Mr Harper believes people are worrying needlessly about having their DNA on record and says it is not akin to having a criminal record.
He said: “We don’t give this information out.
“It is owned by the police and managed by the Forensic Science Service.
“I can’t sit in my office and access this, I have to go to the FSS.
“There is a tremendous benefit in terms of crime detection. It gives us thousands of leads on crimes each year. To have a national DNA database of everyone would be quite useful.
“At the moment we probably have about 5 per cent of the country on the database, but to increase it by another 95 per cent would require a big increase in the administrative system.
“If people are not committing crimes, they have nothing to worry about.”
Human rights groups such as Liberty are calling for a national debate.
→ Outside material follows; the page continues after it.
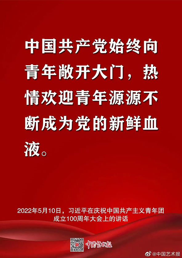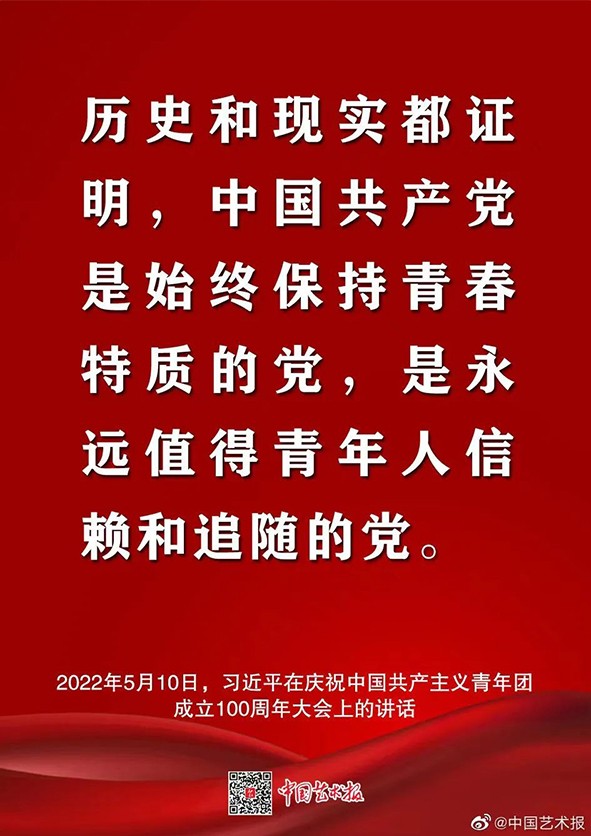 习总书记说,1922年5月5日,在中国共产党直接关怀和领导下,中国共产主义青年团宣告成立。这在中国革命史和青年运动史上具有里程碑意义!历史充分证明,只有坚持党的领导,共青团才能团结带领青年前进,推动中国青年运动沿着正确政治方向前行。

Spokeswoman Mairi Clare Rodgers said: “Taking the DNA of every man, woman and child is expensive and impractical, yet it is impossible to have no DNA database.
“We need a sensible debate to find a fair and proportionate solution which will satisfy civil rights as well as crime prevention concerns.”
The national picture
BY the end of 2005, about 200,000 samples nationally had been retained that would have been destroyed before the change in legislation.
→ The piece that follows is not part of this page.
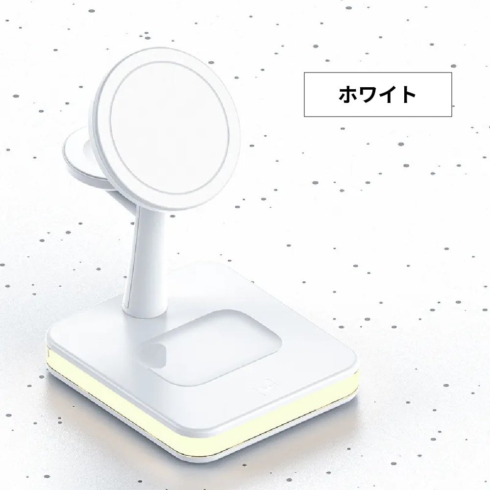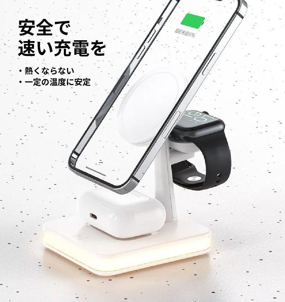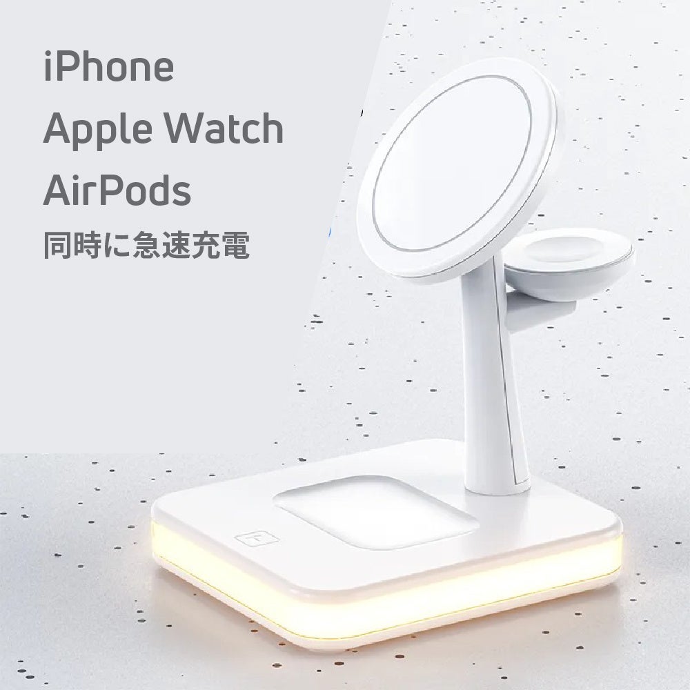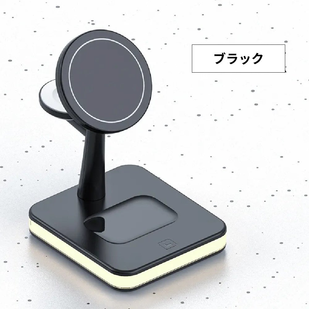 ●iPhone・Apple Watch・AirPods用ワイヤレス充電、USB接続でもう一台デバイスを充電可能、LED照明付き多機能充電スタンド

Of these samples, 8,000 matched with DNA taken from crime scenes, involving nearly 14,000 offences, including murders and rapes.
Under-18s make up 23 per cent of all arrests. There are no legal powers to take a DNA sample from anyone under ten without the consent of a parent or legal guardian.
About a million people who have not been convicted of any offence, including at least 100,000 children, are now estimated to be on the national DNA database. Many others have been acquitted, or have been convicted of relatively minor offences (including begging, being drunk and disorderly, or taking part in an illegal demonstration) but will remain on the database for life.